After going through this notebook, you should be able to:

Run up-to-date Rubin pipelines on data at NERSC

Important Notes:

This document is here in case we have access to small amounts of the full dataset on nersc for testing purposes, we do not expect the full dataset to be transferred over
While these instructions will be up-to-date, no assumptions should be made about the availability of data or the ability to run the pipelines on outdated data.

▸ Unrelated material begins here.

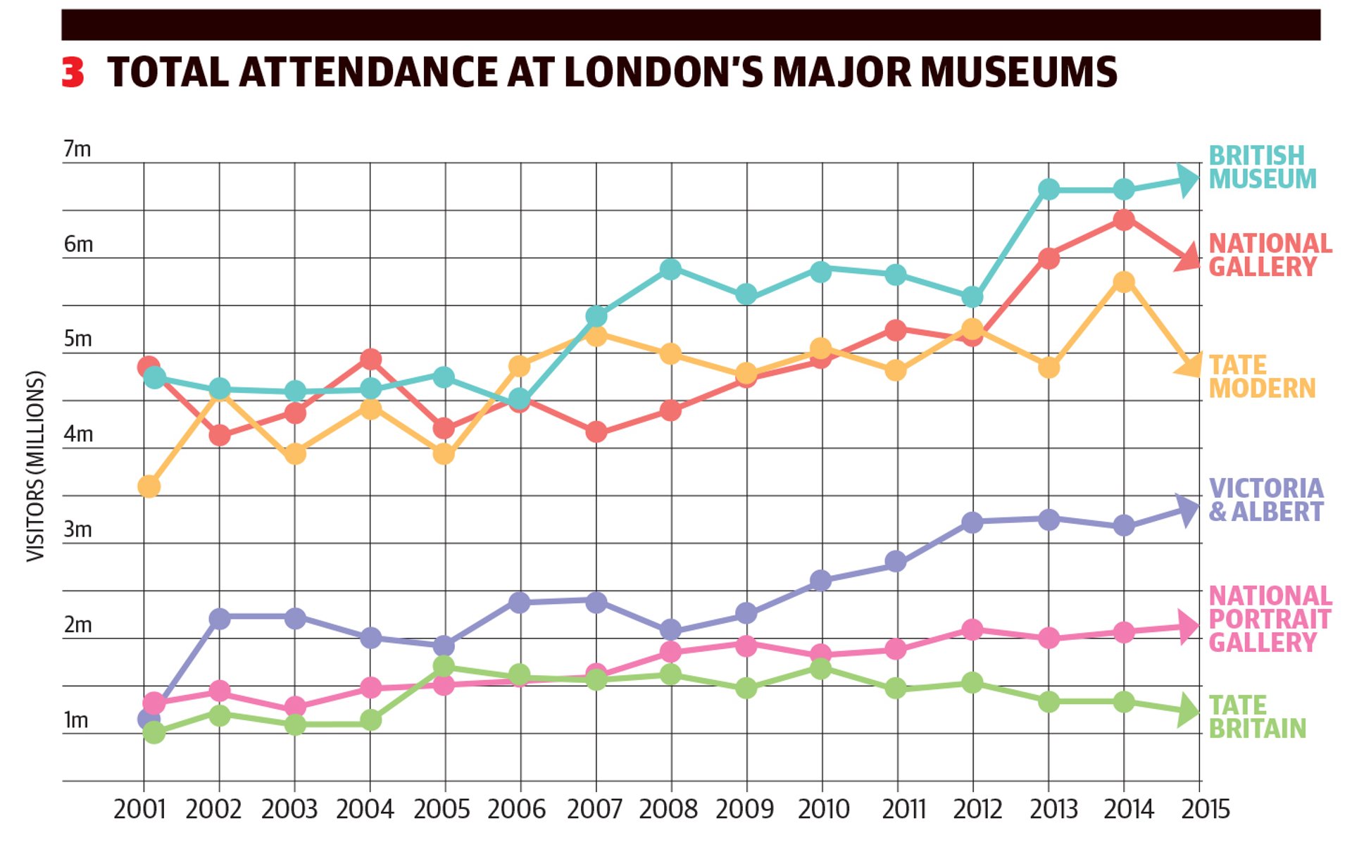 Since 2001—Tate Modern’s first full year and also the year that free museum entry was introduced across the UK—there has been a steady rise in attendance at the five most popular national art museums. Tate Modern was the most popular museum in London in 2006 and hit an all-time high of 5.8 million visitors in 2014. Tate Britain has seen a much smaller rise in numbers, from 1.01 million in 2001 to a peak of 1.6 million in 2010.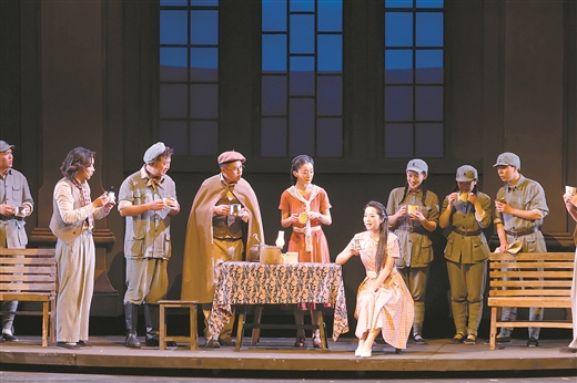 5月23日,纪念西南剧展80周年暨第八届全国话剧优秀剧目展演作品、由西安话剧院选送的话剧《延水谣》在beat365正版唯一官网必一汇学堂演出。该剧讲述了抗日战争时期,延安的文艺工作者们在战火硝烟的洗礼下,创作出一批批为工农兵服务的作品,丰富了根据地军民的文化生活。本报记者 梁凯昌/摄

Logistics: This notebook is intended to be run through the JupyterHub NERSC interface available here: https://jupyter.nersc.gov. To setup your NERSC environment, please follow the instructions available here: https://confluence.slac.stanford.edu/display/LSSTDESC/Using+Jupyter+at+NERSC

Kernel: Please use desc-stack-weekly-latest for this tutorial

Configuration steps#

The butler-based data we have on NERSC currently is detailed on this page (search for Data & Computing Resources if the URL doesn’t load): https://confluence.slac.stanford.edu/pages/viewpage.action?pageId=437946872

Currently this includes DC2 data, some reprocessing tests and Roman-Rubin data. If you need to use the DC2 data you will need to follow the instructions here: https://confluence.slac.stanford.edu/display/LSSTDESC/DC2+Data+with+the+Gen3+Butler, including getting permission to access the data.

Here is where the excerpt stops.